**EXERCISE PROMPT:** Only the lines in the entries below from the line with "Cambio Francesca pants" to the line with "上図はテイル電流が1mAの時", both included, belong in the answer, transcribed exactly and without pictures.

**ENTRIES PROVIDED:**

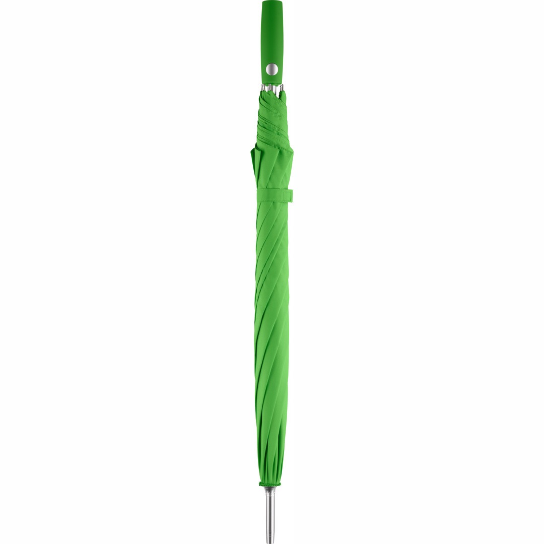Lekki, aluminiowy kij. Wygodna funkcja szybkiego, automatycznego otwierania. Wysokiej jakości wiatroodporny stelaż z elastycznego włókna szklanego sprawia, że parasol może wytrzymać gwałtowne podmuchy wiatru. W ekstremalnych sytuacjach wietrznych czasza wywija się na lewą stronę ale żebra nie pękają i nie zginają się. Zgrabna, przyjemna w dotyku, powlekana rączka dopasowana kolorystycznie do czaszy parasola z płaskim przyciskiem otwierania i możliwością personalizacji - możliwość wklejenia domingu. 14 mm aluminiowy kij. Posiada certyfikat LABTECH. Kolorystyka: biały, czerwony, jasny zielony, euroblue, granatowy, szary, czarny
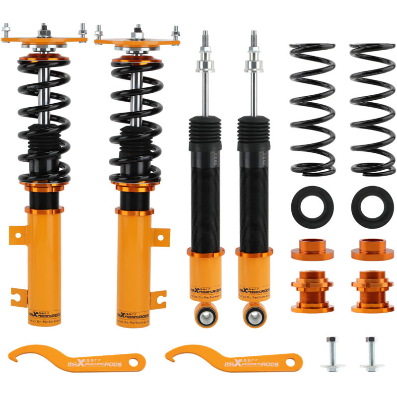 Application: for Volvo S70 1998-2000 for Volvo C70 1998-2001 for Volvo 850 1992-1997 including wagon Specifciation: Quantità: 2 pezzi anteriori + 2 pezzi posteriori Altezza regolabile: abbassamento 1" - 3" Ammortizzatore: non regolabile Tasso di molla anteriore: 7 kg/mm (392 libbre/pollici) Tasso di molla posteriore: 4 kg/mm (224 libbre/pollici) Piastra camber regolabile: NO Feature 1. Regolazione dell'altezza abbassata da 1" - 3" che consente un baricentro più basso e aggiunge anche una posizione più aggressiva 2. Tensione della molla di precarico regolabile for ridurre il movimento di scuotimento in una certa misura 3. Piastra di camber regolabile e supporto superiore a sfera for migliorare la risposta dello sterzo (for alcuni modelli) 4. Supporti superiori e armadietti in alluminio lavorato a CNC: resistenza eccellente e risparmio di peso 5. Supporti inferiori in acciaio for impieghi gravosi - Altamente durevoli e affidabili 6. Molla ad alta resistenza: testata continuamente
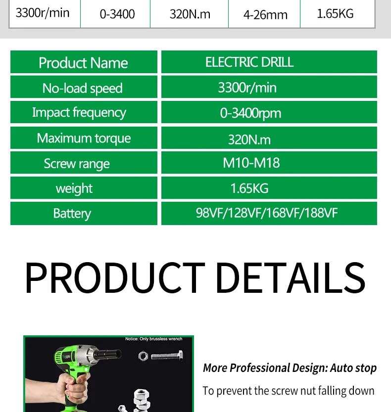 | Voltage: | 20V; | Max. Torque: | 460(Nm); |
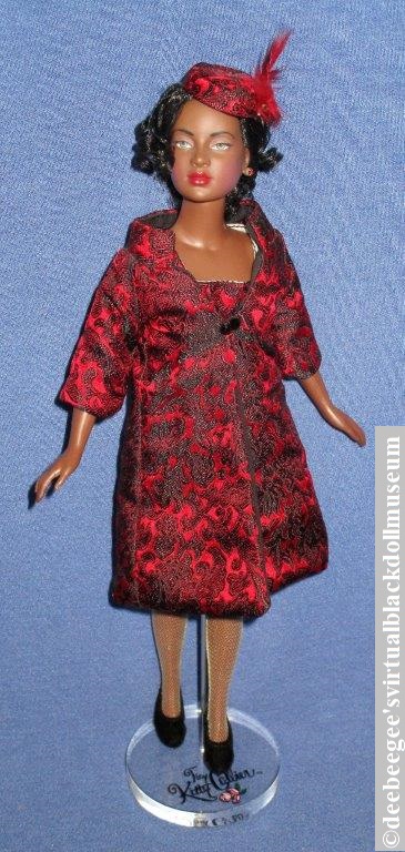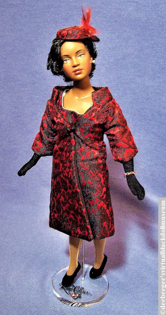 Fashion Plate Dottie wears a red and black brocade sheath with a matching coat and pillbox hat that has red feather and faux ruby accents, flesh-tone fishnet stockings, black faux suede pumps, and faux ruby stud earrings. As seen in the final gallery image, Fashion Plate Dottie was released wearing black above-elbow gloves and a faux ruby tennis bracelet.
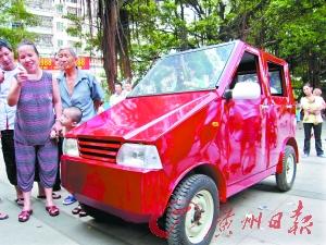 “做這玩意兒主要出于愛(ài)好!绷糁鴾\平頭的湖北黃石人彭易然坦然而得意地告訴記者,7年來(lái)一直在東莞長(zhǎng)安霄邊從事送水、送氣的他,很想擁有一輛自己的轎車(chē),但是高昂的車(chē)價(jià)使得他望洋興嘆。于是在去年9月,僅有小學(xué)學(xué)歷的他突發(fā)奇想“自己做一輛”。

---

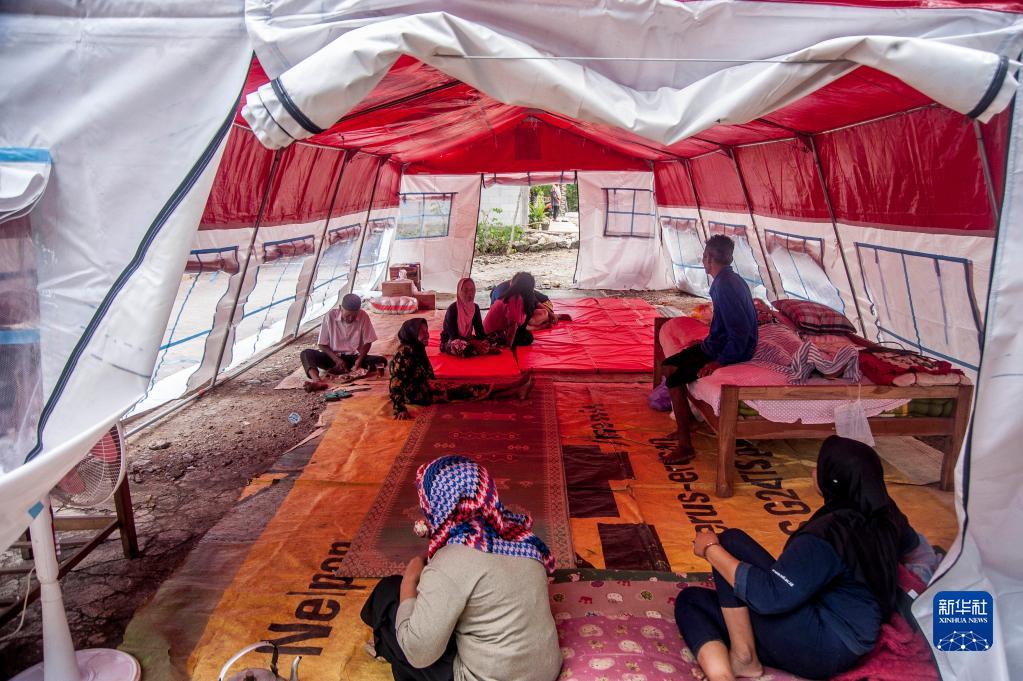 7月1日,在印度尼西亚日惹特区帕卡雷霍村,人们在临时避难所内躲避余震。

==

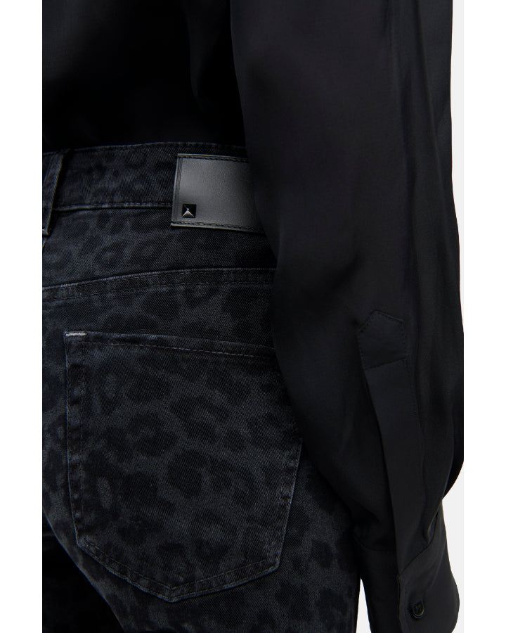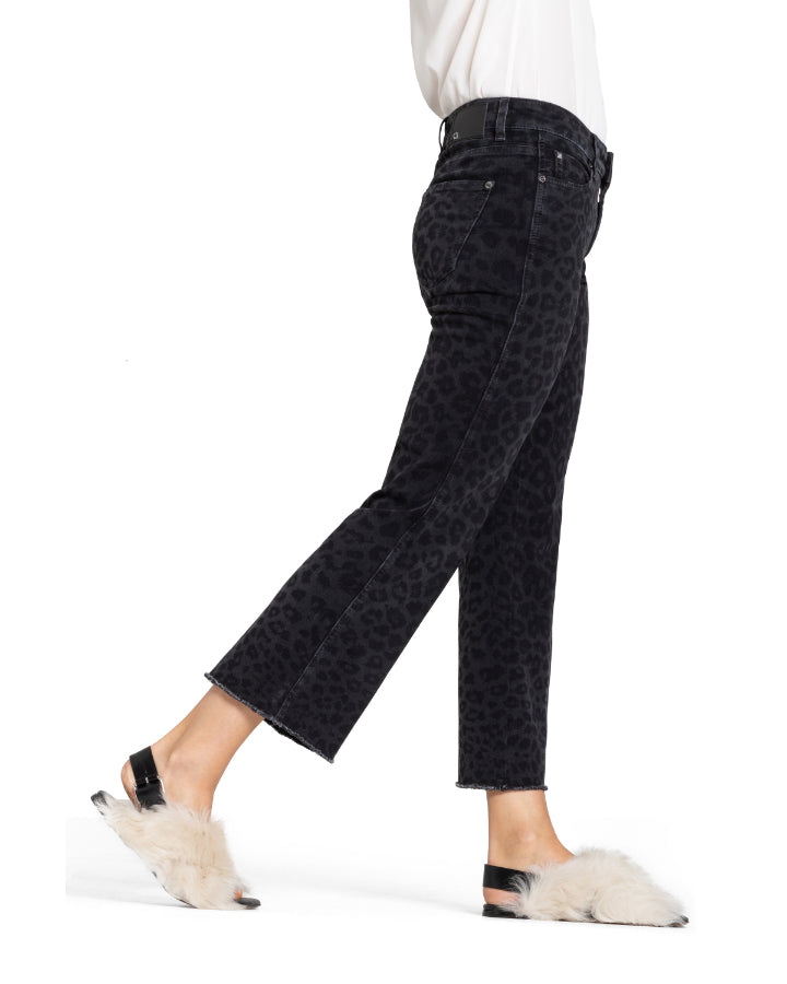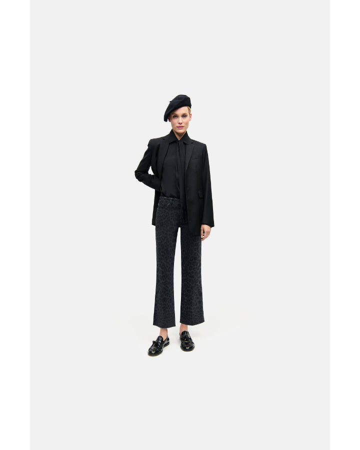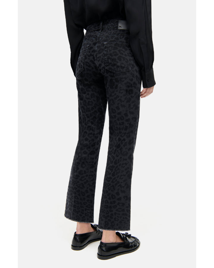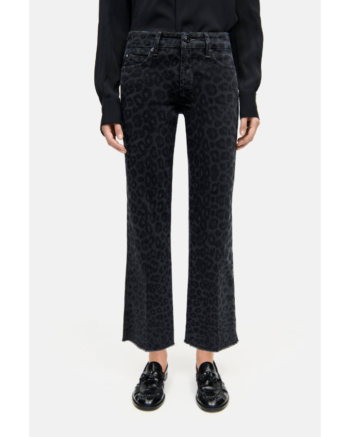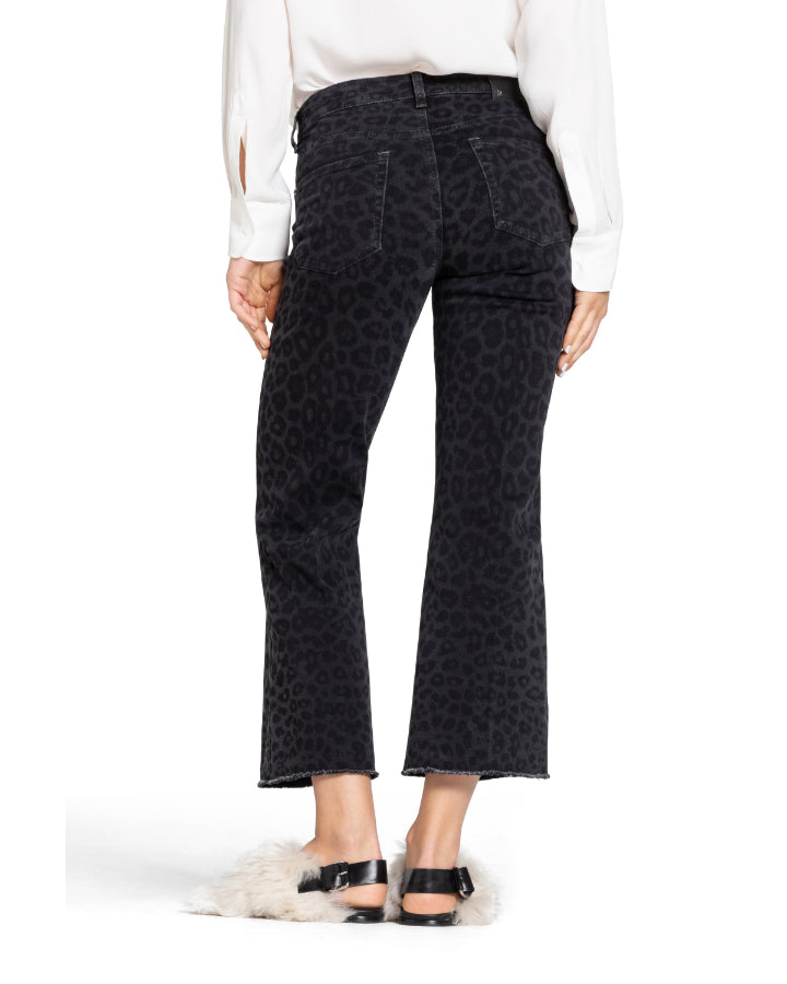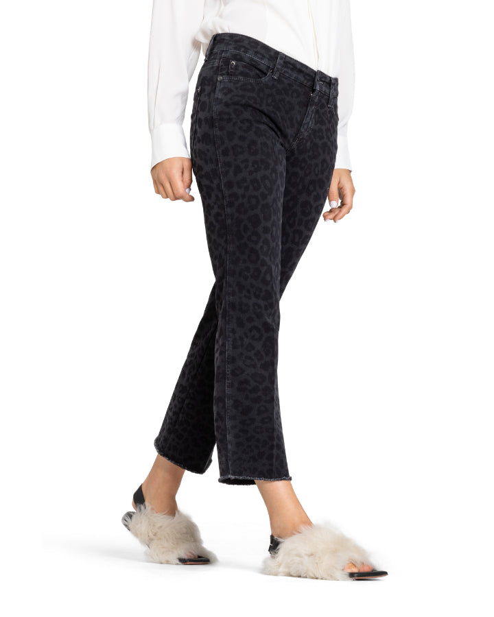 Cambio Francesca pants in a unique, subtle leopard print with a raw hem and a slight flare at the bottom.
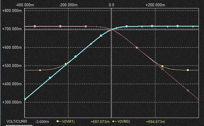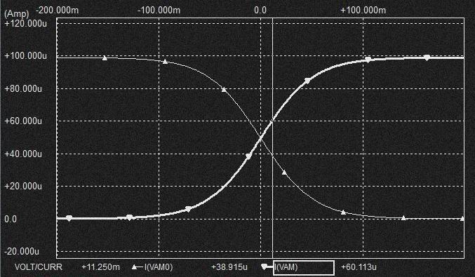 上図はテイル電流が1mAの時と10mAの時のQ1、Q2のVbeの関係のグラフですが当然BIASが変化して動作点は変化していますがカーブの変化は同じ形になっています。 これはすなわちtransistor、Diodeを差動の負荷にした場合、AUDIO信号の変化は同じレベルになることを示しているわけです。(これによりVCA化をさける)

**FINISHED TASK:**
 Cambio Francesca pants in a unique, subtle leopard print with a raw hem and a slight flare at the bottom.
 上図はテイル電流が1mAの時と10mAの時のQ1、Q2のVbeの関係のグラフですが当然BIASが変化して動作点は変化していますがカーブの変化は同じ形になっています。 これはすなわちtransistor、Diodeを差動の負荷にした場合、AUDIO信号の変化は同じレベルになることを示しているわけです。(これによりVCA化をさける)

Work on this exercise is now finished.